Pork Bung or Calamari?

Calamari

Two years ago, This American Life documented a farmer visiting a processing plant where boxes labeled “artificial calamari” turned out to be hog’s rectums, and in a side-by-side taste test, none of the show’s producers could tell the difference between pork bung, as it’s known, and true squid. (Doesn’t everything taste the same once it’s been breaded, fried, and dunked in marinara?) Thankfully, the producers never uncovered any instances of pork bung being passed off as real calamari in American restaurants, and USDA representatives have come forward saying they aren’t aware of any products on the U.S. market labeled as “imitation calamari.” So unless you’re eating really cheap calamari somewhere outside the United States, you can probably rest easy. (Photo: stu_spivack/Flickr)


Whitefish or Crab?

Californiaroll

A California roll is purported to be avocado, cucumber, sesame, and crab.
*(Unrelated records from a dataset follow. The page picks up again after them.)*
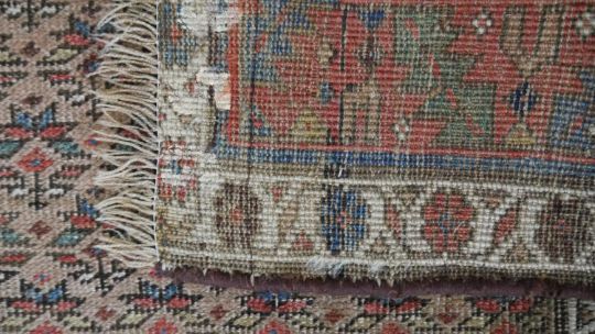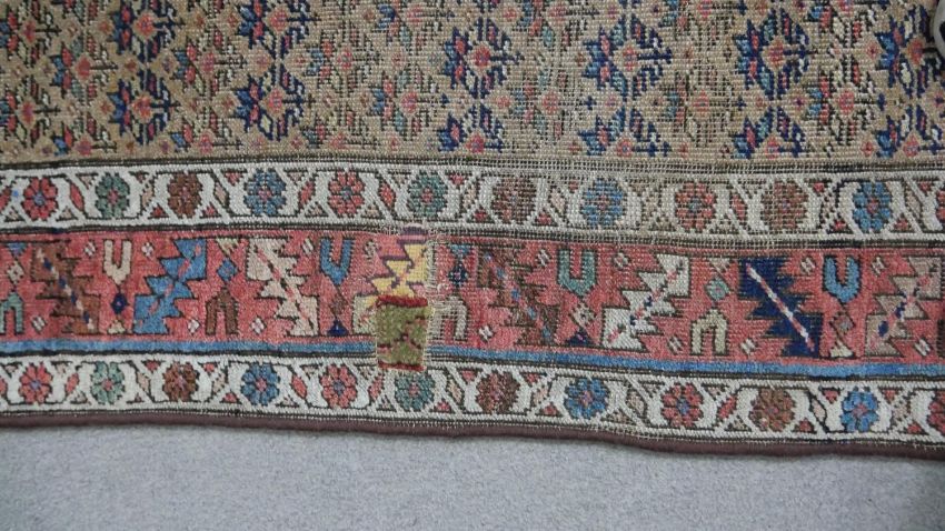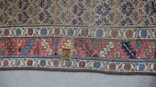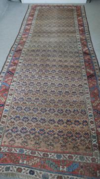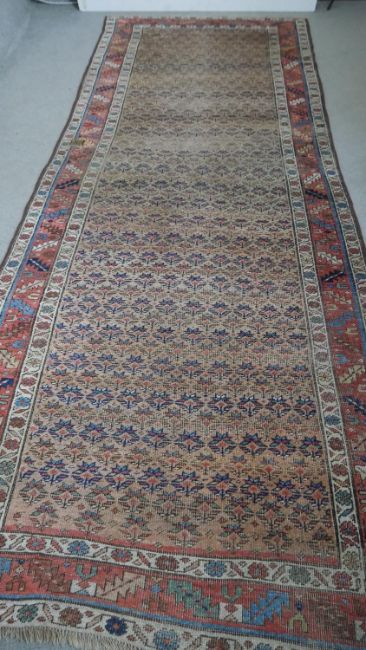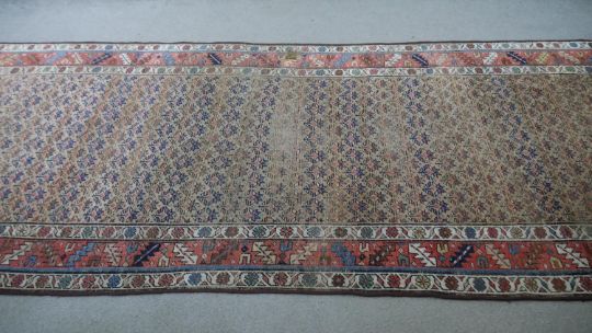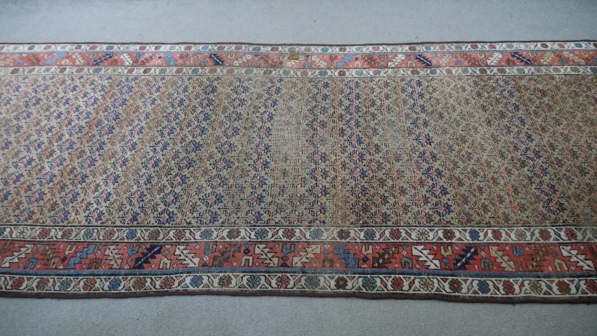 A Caucasian runner with repeating stylised floral motifs across the biscuit ground within serrated palm and flowerhead borders. L.351 W.122cm
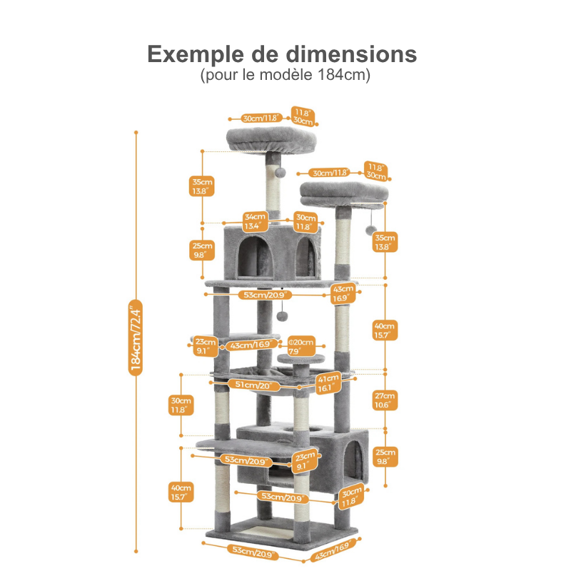 * 184 cm : modèle le plus grand avec 8 niveaux – jusqu’à 5 chats (plus dé détails dans les visuels)
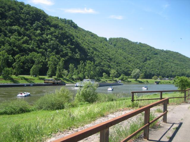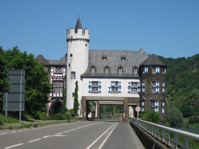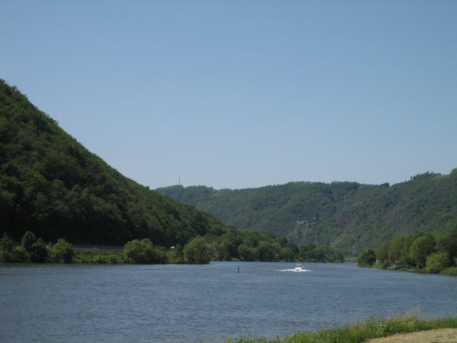 Hier wurde die weitere Fahrt auf der B 416 entlang der dortigen Weinorte Kobern-Gondorf, Lehmen, Hatzenport, Müden (dort befindet sich eine der mannigfaltigen Schleusen, die eine Beschiffung der Mosel bis nach Frankreich bzw. Luxemburg erst ermöglichen, siehe auch Foto), Pommern, Cochem, vorbei an Beilstein bis über die Moselbrücke nach Senheim durchgeführt und über die B 49 entlang der Mosel dann auf der anderen Uferseite die Rückfahrt angetreten.
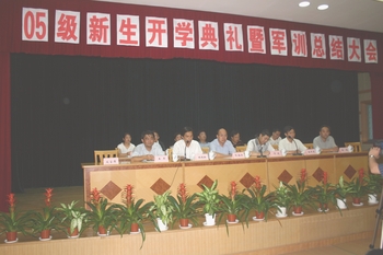 9月4日下午3:00,我校在B区报告厅隆重举行2005级新生开学典礼暨军训总结大会。冯波、李平清、熊海滨、林国新、张伟等校领导出席了会议,各处室、专业科主要负责人也出席了典礼。 典礼在庄严的国歌声中开始。随后,林国新副校长就05级新生在上海市东海青少年社会实践基地进行为期7天的军训情况作了总结。李平清副校长向同学们提出了希望,要求大家规范个人行为,养成良好的学习习惯,力争取得满意的成绩。教师代表蔺亚文结合班级和自己的经历,向05级新同学提出了殷切期望。新生代表也向全体师生表示了立志成才的决心。最后,由主持学校工作的教育局副局长冯波代表学校做了热情洋溢的讲话,并向05级新生提出了希望和要求,鼓励他们通过自身努力尽快成才。 | |
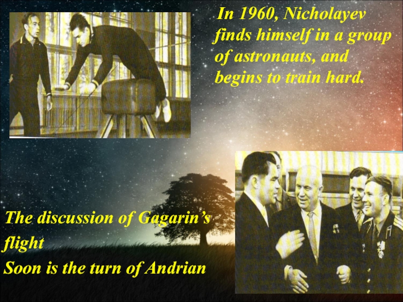1960, Nicholayev finds himself in a group of astronauts, and begins to train hard.
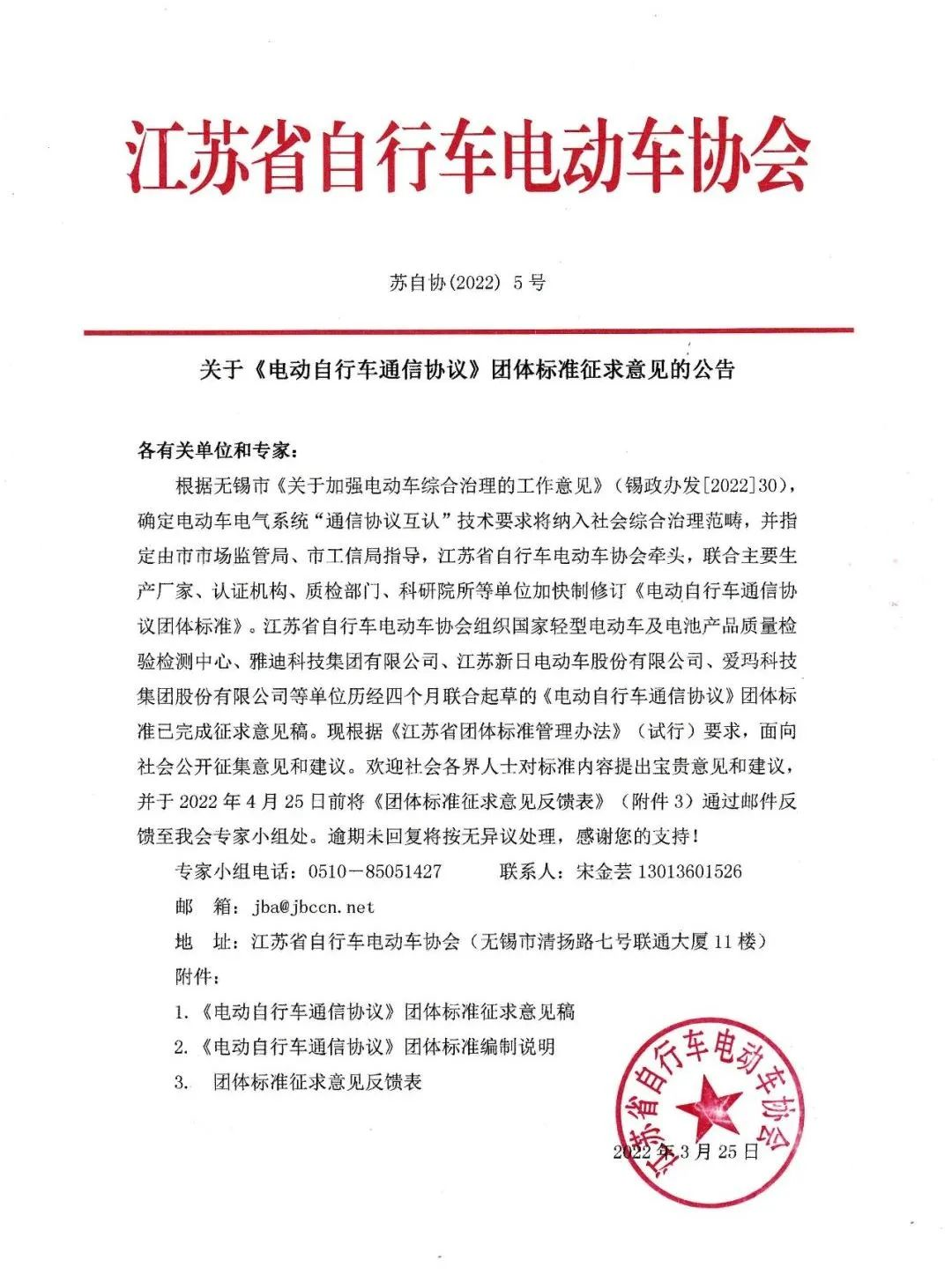 同时,江苏省自行车电动车协会也发布了关于《电动自行车通信协议》团体标准征求意见的公告。
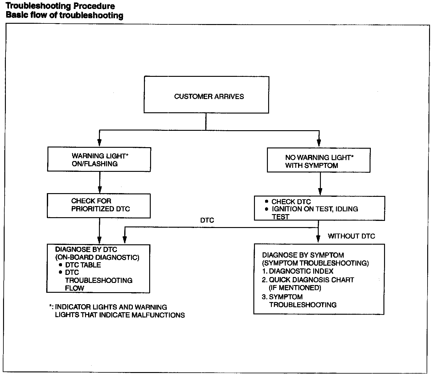 - The quick diagnosis chart lists diagnosis and inspection procedures to be performed specifically relating to the cause of the malfunction.
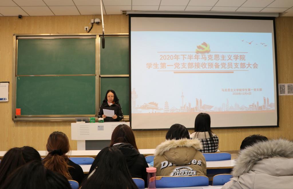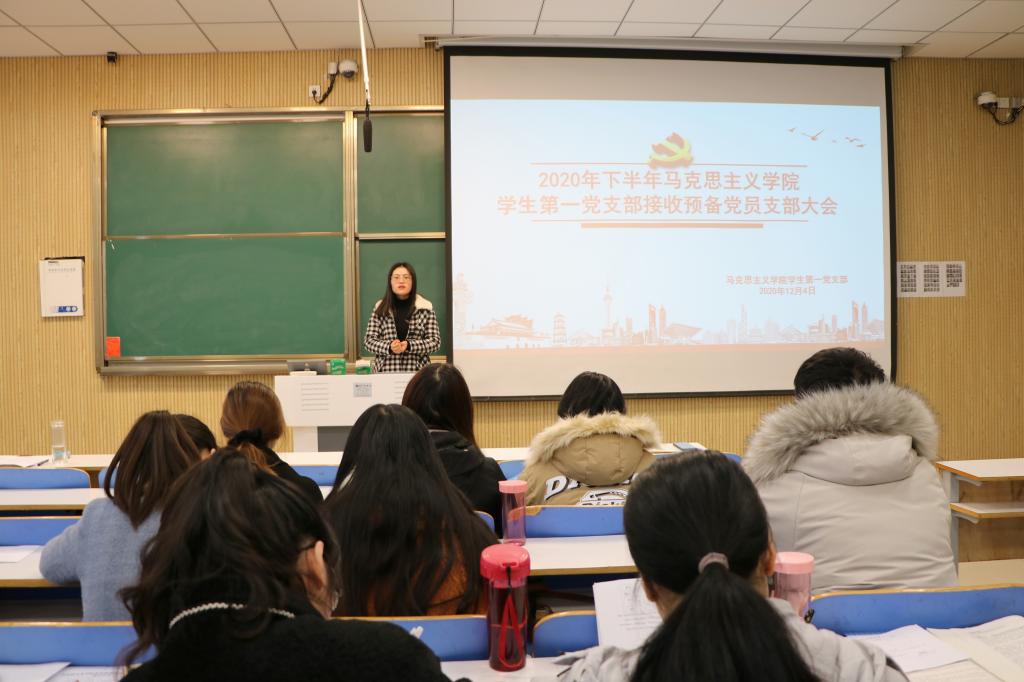 12月4日上午,金年会jinnianhuicom在社科楼515教室召开2020年下半年学生第一党支部接收预备党员支部大会。金年会官网学生第一党支部支部正式党员曹菁菁、杨青青,学生第一党支部预备党员和党员发展对象共同参加本次会议。会议由李一凡主持。
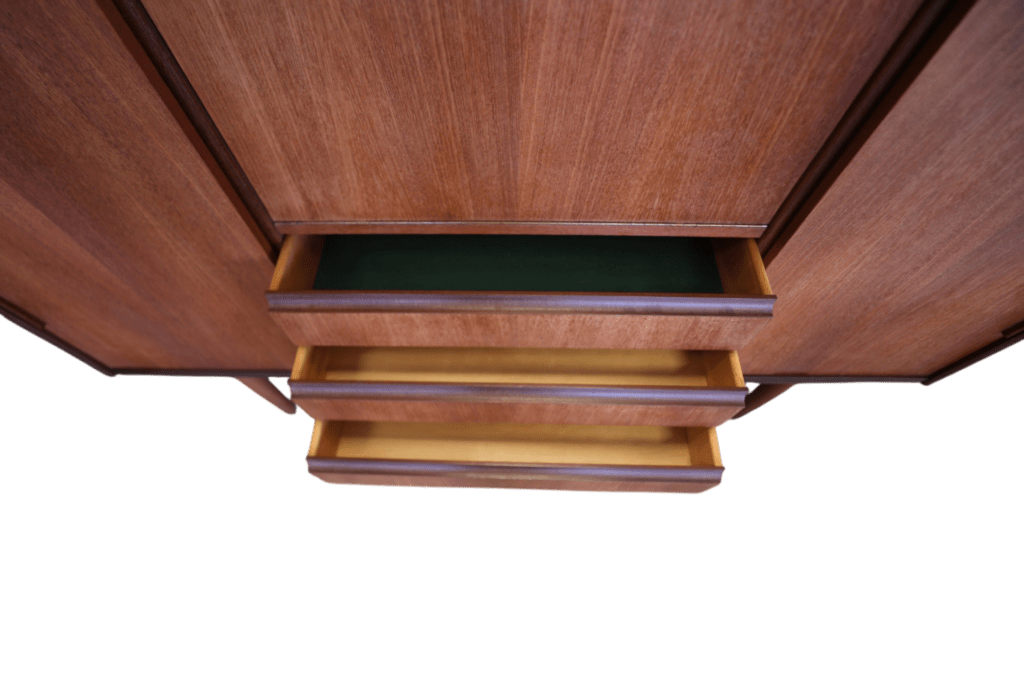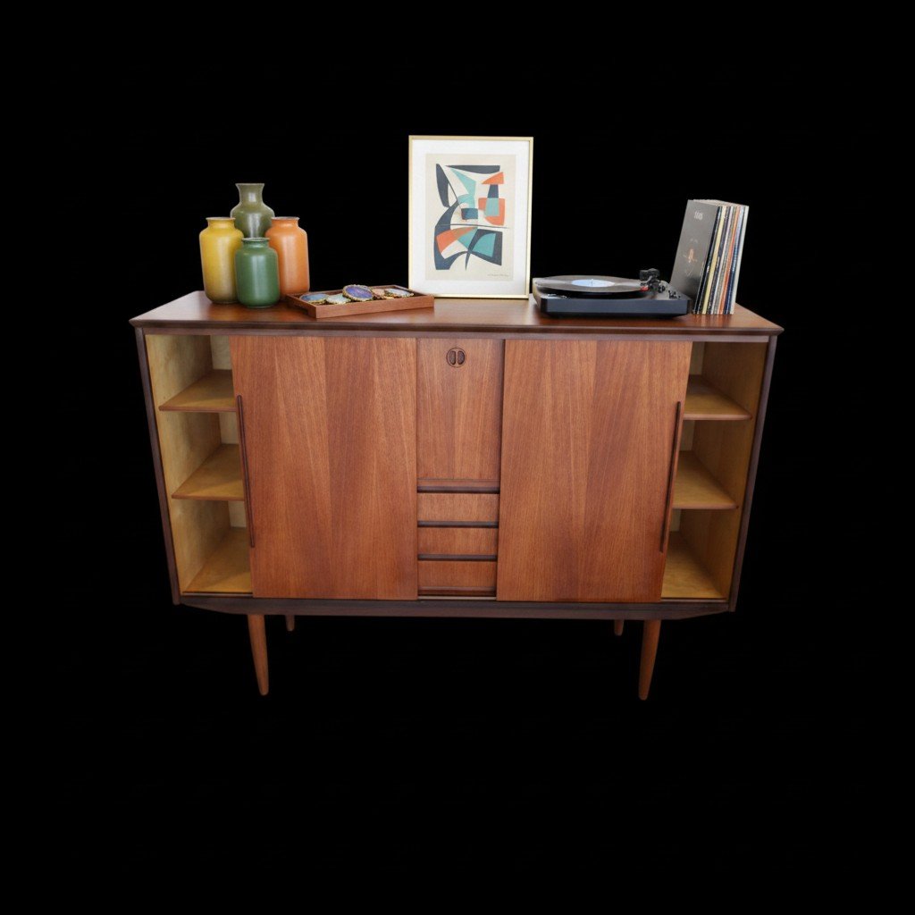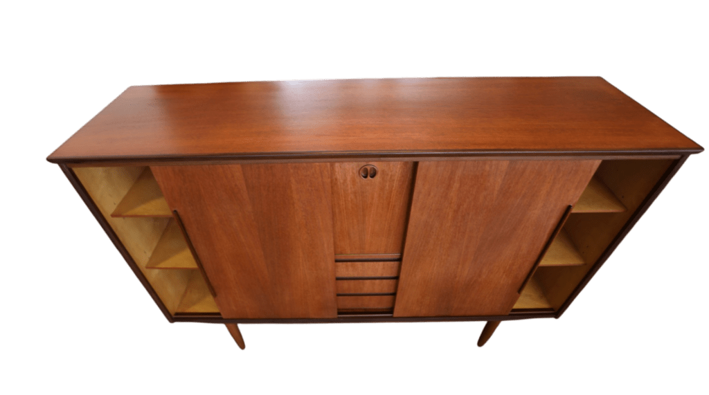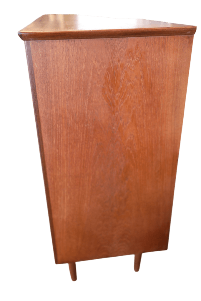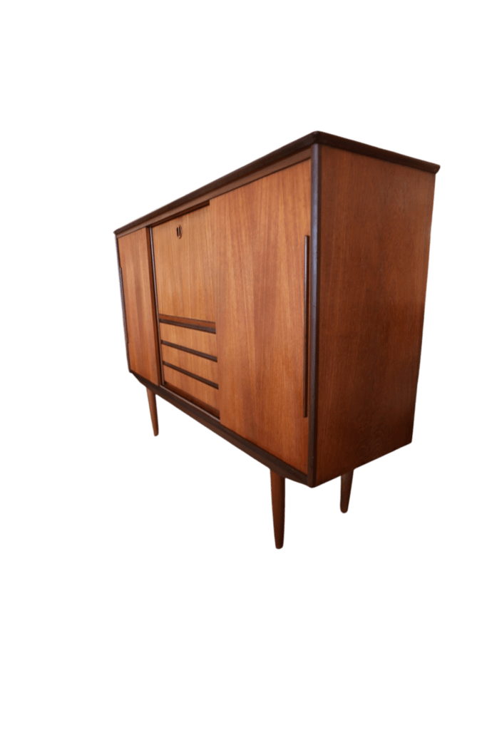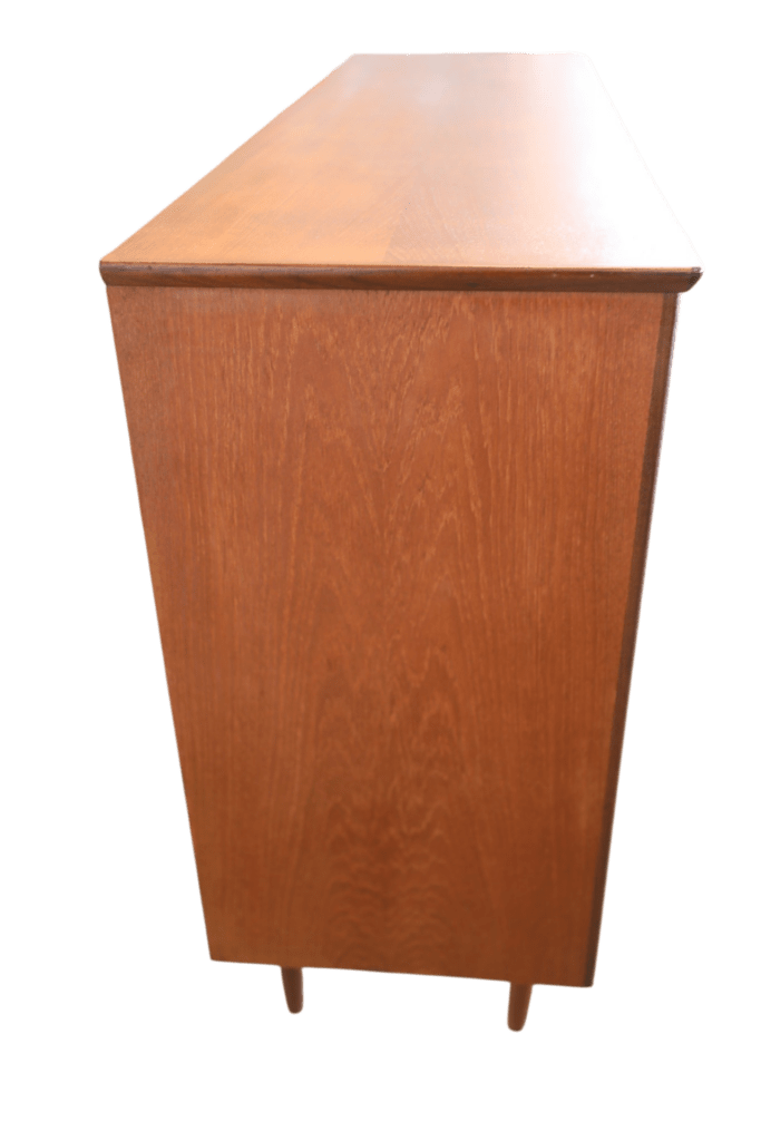 Ett makalöst vackert och mycket välgjort danskt skåp från skarven mellan 1950 och 1960-talet. Skåpet är tillverkat i teak med en gyllene, varm ton, och här märks det verkligen att formgivaren inte har sparat på vare sig materialval eller utförande.
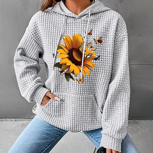 Per donna Felpe con cappuccio Floreale Moda Streetwear Casual Manica Lunga Con Cappuccio Top Regolari Streetwear Abbigliamento Quotidiano Tasca Stampato Nero Cachi Grigio Autunno Inverno

But order one at any run-of-the-mill sushi joint today, and you’re more likely to get a cheap variation made with crab sticks—imitation crab meat made by pulverizing white fish such as pollack and binding it with egg whites, wheat starch, and hydrolyzed soy. The resultant fish mush is shaped into sticks, while its exterior is dyed to resemble the meat of actual crab legs. That solid seafood mass with a day-glo red exterior? It’s a dead giveaway. (Photo: Samson Loo/Flickr)

Horseradish or Wasabi?

Wasabi

While we’re on the subject of sushi, we’ve got more bleak news to share with you: More than 90 percent of the “wasabi” you get in Japanese restaurants doesn’t actually contain a trace of wasabi. Real wasabi is a rhizome that’s prized for both its roots and stalks, costs around $75 per pound, and is a highly perishable product that’s usually grated to order. Let’s just call a spade a spade—what you’re really eating is dried horseradish and mustard flour with a hefty dose of green dye. (Photo: Half Moon Bay Wasabi)

Tapenade or Truffle Oil?

Truffleoil

If it sounds too good to be true, they say, then it probably is. Too bad chefs didn’t apply that logic to truffle oil when it exploded onto the culinary scene in the 1990s. Can the exquisite perfume of the white truffle, which can easily command as much as a dollar per gram, truly be captured in an 8-ounce oil that costs less than $10? Not a chance. That truffle oil in your basket of fries is probably made with lab-synthesized 2,4-dithiapentane, a petroleum-based chemical compound that’s naturally present in real truffles. Or, if they really take you for a fool, olive tapenade will do the trick. (Photo: thesilverchef/Instagram)


Corn Syrup or Maple?

Pancakesyrup

Real maple syrup is harvested seasonally from the sap of a maple tree and follows a strict grading scale based on color. Anything labeled “maple-flavored syrup,” “pancake syrup,” or “table syrup,” on the other hand, is most likely high-fructose corn syrup blended with chemical compounds like sotolon and thickeners like cellulose gum. “Pancake syrup” wasn’t always a bad word. When Log Cabin invented it in 1887, it was a blend of maple and corn syrup that was billed as an inexpensive alternative during tough times. But by the 1970s, Aunt Jemima, Mrs. Butterworth’s, and even Log Cabin itself had replaced maple entirely with a slew of additives and artificial ingredients. (Photo: Heather Katsoulis/Flickr)

Escolar or White Tuna?

Escolar

White tuna, or albacore, is prized by the seafood industry for its light color and mild-flavored flesh. But a 2013 study by an Ocean preservation organization found that 84% of the time, fish marketed as white tuna was actually escolar, a cheap species of mackerel that’s banned in Japan and Italy because of its gastrointestinal side effects. (In case you were wondering, its high wax ester content can cause “prolonged, oily anal leakage” when eaten in quantities over six ounces.) If you must get your hands on white tuna, buy direct, ask lots of questions, and consume at your own risk. (Photo: stu_spivack/Flickr)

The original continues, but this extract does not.